* [Work required]: From the first line of the data below through the line bearing "食べ物だけでなく超必殺技を強化するパーツも存在。", reproduce each line exactly; do not include pictures.

Saved entries:

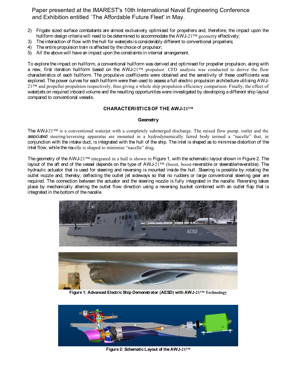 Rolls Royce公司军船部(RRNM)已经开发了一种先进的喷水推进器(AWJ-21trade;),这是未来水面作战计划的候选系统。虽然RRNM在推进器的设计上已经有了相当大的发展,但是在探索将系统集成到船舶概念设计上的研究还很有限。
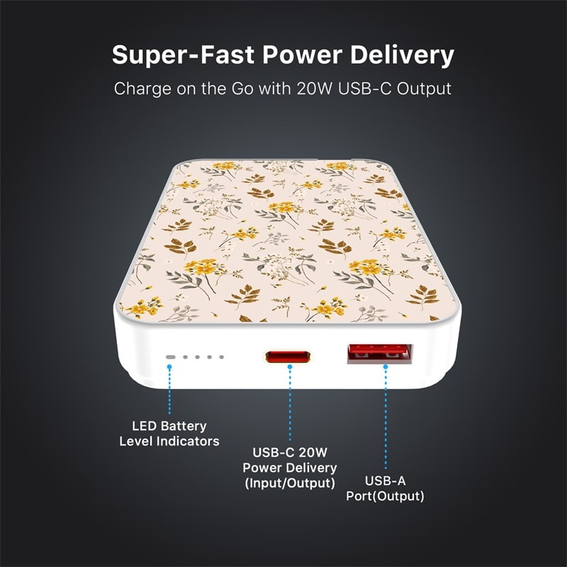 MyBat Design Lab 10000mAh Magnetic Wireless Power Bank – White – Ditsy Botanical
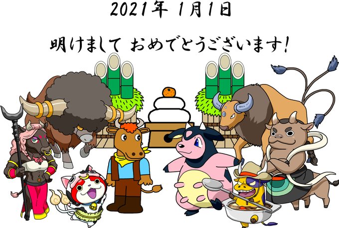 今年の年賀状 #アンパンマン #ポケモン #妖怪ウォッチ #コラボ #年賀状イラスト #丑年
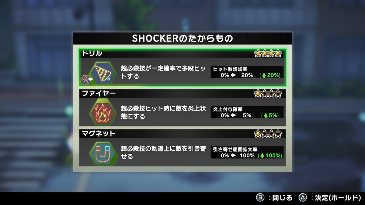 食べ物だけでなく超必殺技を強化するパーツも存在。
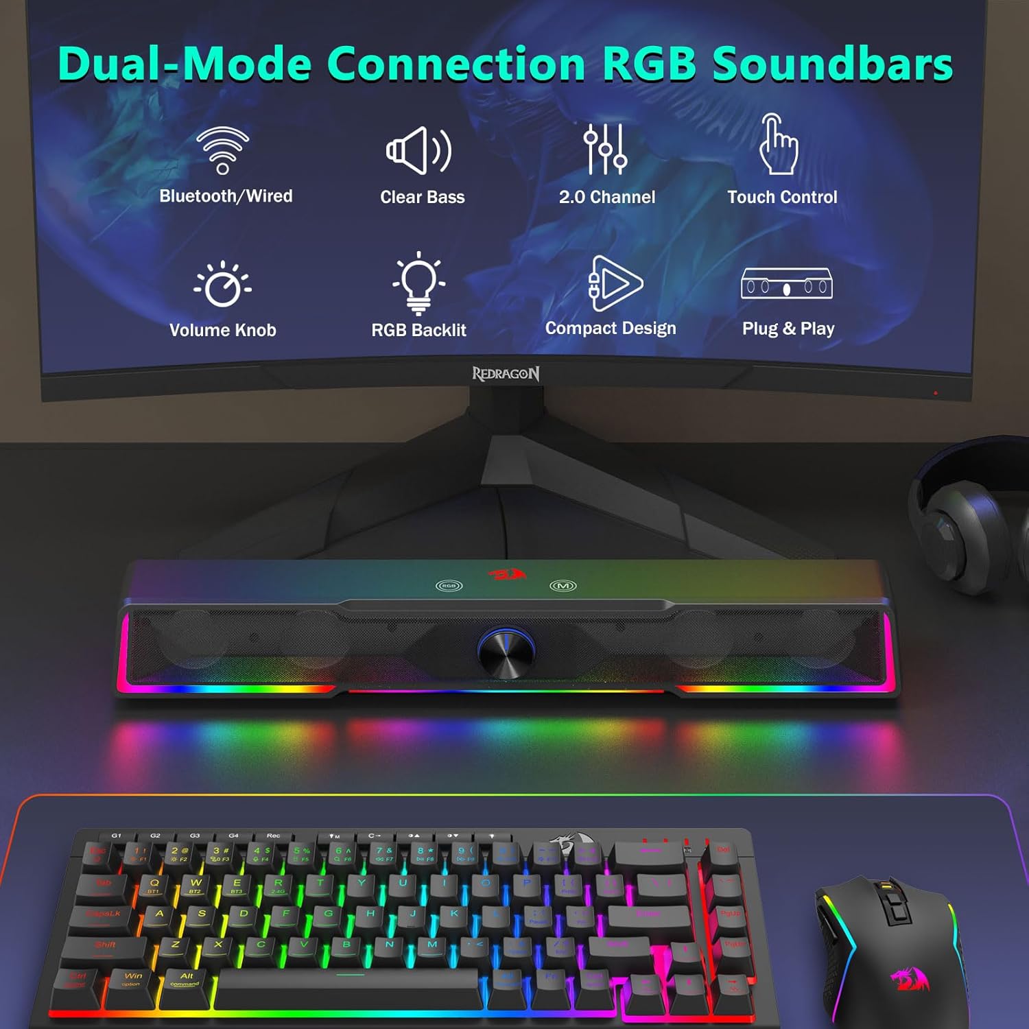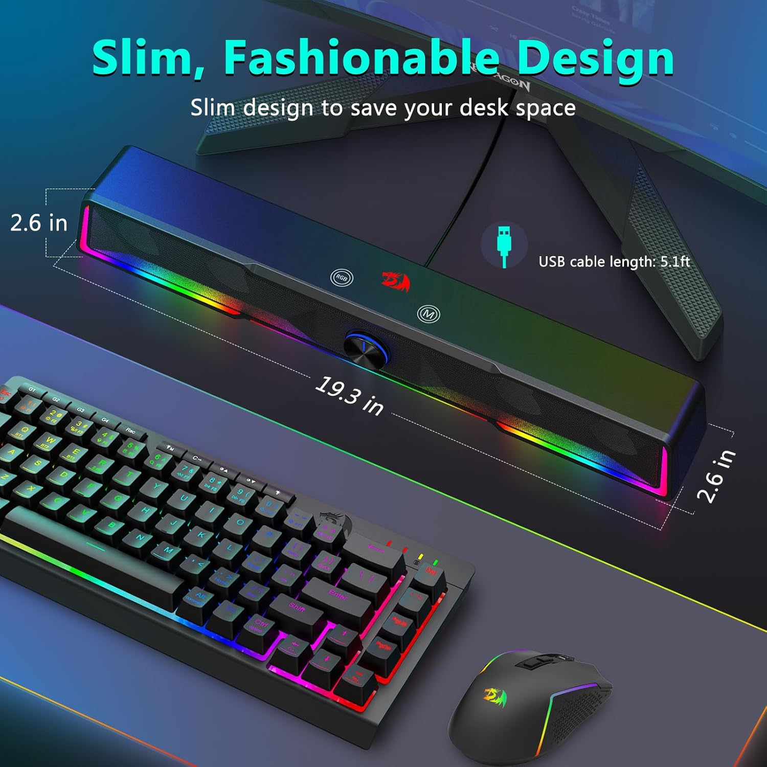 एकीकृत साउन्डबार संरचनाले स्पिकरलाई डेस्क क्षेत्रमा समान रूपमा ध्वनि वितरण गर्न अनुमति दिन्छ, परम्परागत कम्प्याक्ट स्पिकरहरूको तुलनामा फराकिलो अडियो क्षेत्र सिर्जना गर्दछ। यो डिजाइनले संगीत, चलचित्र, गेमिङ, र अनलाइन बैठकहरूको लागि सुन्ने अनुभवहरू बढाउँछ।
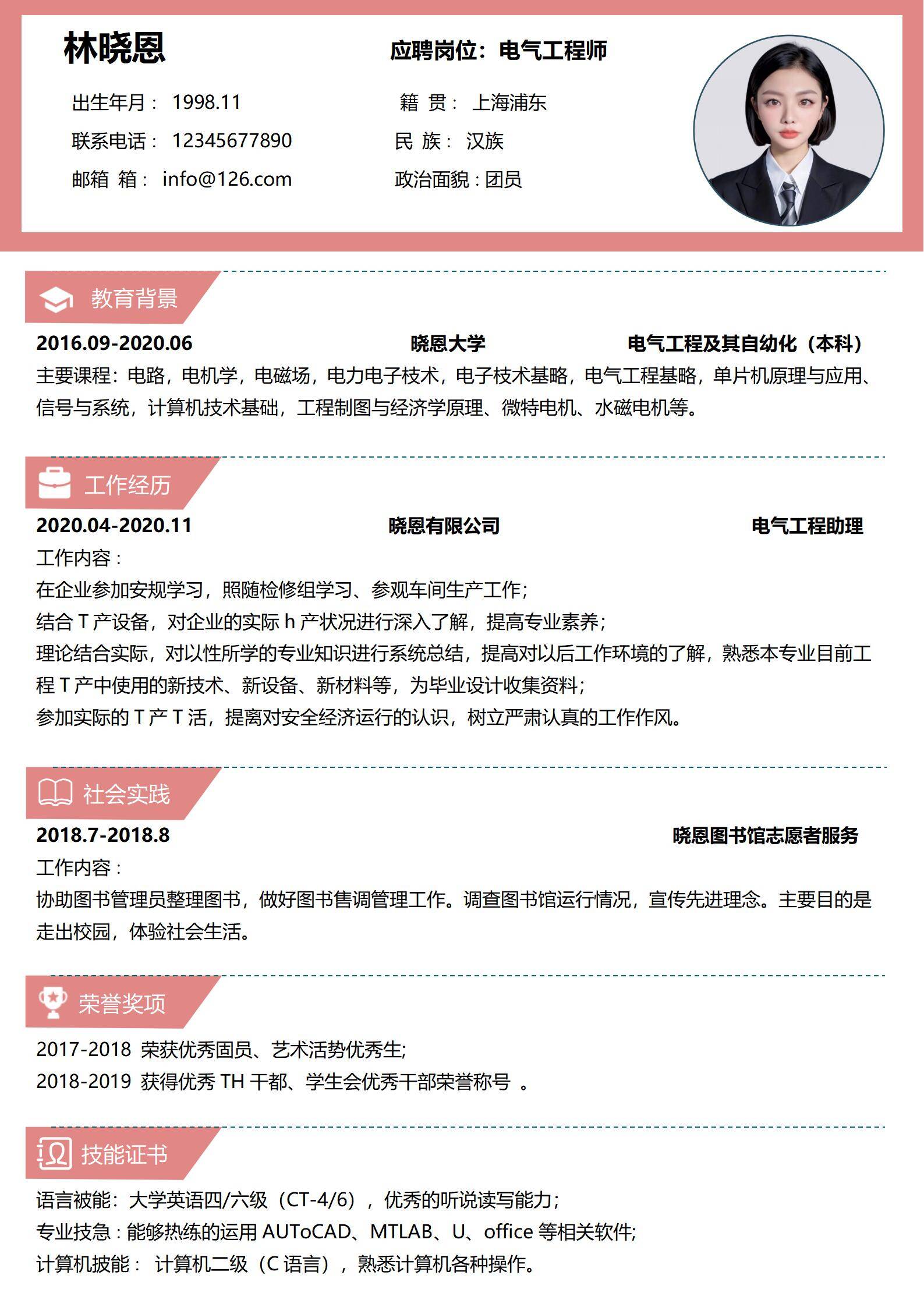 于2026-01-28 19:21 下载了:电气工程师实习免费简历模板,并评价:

* [The answer]:
 Rolls Royce公司军船部(RRNM)已经开发了一种先进的喷水推进器(AWJ-21trade;),这是未来水面作战计划的候选系统。虽然RRNM在推进器的设计上已经有了相当大的发展,但是在探索将系统集成到船舶概念设计上的研究还很有限。
 MyBat Design Lab 10000mAh Magnetic Wireless Power Bank – White – Ditsy Botanical
 今年の年賀状 #アンパンマン #ポケモン #妖怪ウォッチ #コラボ #年賀状イラスト #丑年
 食べ物だけでなく超必殺技を強化するパーツも存在。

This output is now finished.